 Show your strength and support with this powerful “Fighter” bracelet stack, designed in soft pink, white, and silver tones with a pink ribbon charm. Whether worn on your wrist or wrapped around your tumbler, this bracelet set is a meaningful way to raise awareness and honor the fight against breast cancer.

...

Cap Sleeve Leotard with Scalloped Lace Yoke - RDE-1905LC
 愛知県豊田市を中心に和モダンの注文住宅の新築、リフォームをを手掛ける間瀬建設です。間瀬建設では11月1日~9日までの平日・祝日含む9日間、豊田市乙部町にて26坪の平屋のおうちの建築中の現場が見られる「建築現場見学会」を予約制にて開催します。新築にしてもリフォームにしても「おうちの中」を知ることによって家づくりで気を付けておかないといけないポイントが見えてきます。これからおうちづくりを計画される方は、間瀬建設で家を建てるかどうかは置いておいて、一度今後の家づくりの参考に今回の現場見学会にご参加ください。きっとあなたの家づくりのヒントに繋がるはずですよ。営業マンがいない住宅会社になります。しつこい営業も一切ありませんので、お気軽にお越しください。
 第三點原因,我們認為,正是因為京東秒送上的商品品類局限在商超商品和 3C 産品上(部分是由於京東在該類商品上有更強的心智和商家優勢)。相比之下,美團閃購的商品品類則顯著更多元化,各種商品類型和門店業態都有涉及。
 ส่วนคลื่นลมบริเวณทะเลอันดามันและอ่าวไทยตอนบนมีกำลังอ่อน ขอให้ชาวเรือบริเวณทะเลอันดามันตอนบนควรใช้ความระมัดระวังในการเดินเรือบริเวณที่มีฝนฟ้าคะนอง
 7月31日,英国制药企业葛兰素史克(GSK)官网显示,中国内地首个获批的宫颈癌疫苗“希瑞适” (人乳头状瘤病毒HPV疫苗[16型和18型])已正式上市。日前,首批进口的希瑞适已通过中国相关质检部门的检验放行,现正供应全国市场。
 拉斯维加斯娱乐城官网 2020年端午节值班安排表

Brief:
Each line above where the word "with" occurs should be copied out.

Answer area:
 Show your strength and support with this powerful “Fighter” bracelet stack, designed in soft pink, white, and silver tones with a pink ribbon charm. Whether worn on your wrist or wrapped around your tumbler, this bracelet set is a meaningful way to raise awareness and honor the fight against breast cancer.
Cap Sleeve Leotard with Scalloped Lace Yoke - RDE-1905LC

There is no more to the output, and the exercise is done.